For corporate users, similar advice applies, boiling down to “don’t base your security architecture on the presumption that users are infallible at detecting and reacting to security threats”. Back it up with technology. On a tactical level, a few extra things come to mind:

Prevention
  • Verify that current perimeter- and endpoint-based scanning of executables/attachments is able to identify/catch current strains of malware (ask your vendor, then check to make sure). It might be a sandbox approach, endpoint agents, gateway scanning, whatever. Belt & suspenders is a good approach, albeit costly.

Detection
  • Consider application-level monitoring for system calls on the endpoints. This includes watching for known extensions, as well as suspicious bulk changes to files.
  • Consider monitoring data-center activity for potential events of bulk file changes such as encryption. Yes, there may be false positives.

Response/Containment
  • Re-visit the practices that allow users to mount multiple network shares.
  • Make sure the Incident Response playbooks include ransomware as a specific scenario. Prepare for single-machine infection, multiple machines hit, as well as scenario where both local and networked files are encrypted. While I’m skeptical of survey data such as this, getting familiar with how bitcoin transactions work might be a worthwhile investment.

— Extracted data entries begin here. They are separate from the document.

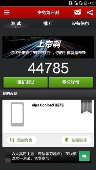 A phone that recently scored 44785 in the Antutu benchmark test has been revealed to be the Coolpad Dashen F2 (Coolpad 8675-HD). According to the Ministry of Industry and Information Technology, this phone sports a 5.5-inch 720p display screen, is 8.8mm thick, and supports TD-LTE internet.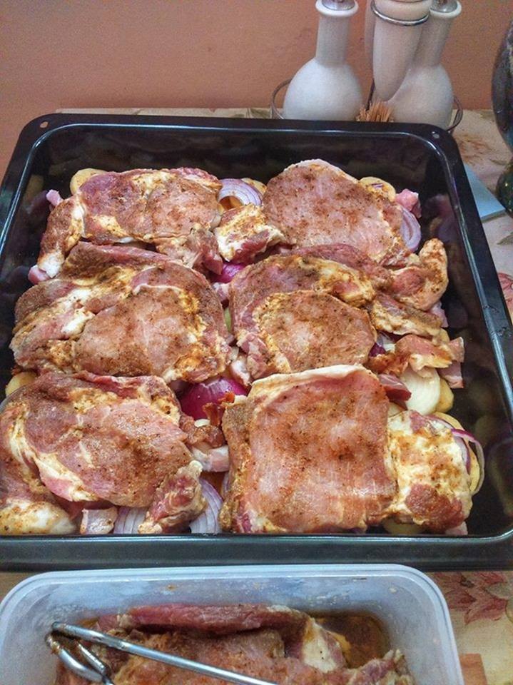 Na to wszystko kładziemy zamarynowaną już karkówkę. Blachę należy przykryć folią i przez godzinę piec w nagrzanym do 200 stopni piekarniku.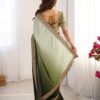 Women’s Elegant Ombre Green Georgette Saree with Intricate Golden Zari & Stone Embellishments – Complete with Heavily Worked Blouse for Festive & Wedding Wear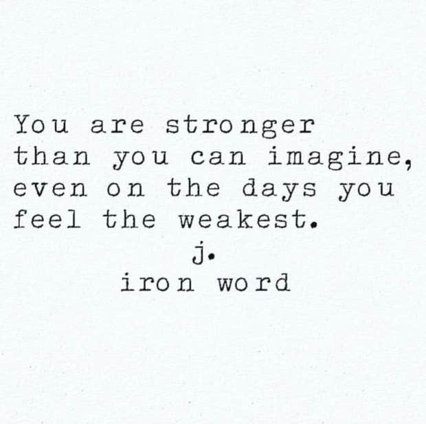 “You are stronger than you can imagine, even on the days you feel the weakest.”—J. Iron Word

To me, ransomware is here to stay: it leverages too many human and economic aspects to simply vanish. As with many other “security” issues, this is just another one that was never just a technology problem, but a social and economic one. InfoSec professionals should keep that in mind, remembering that the solutions are not always technical…

And to purveyors and enablers of ransomware, “a plague on your houses!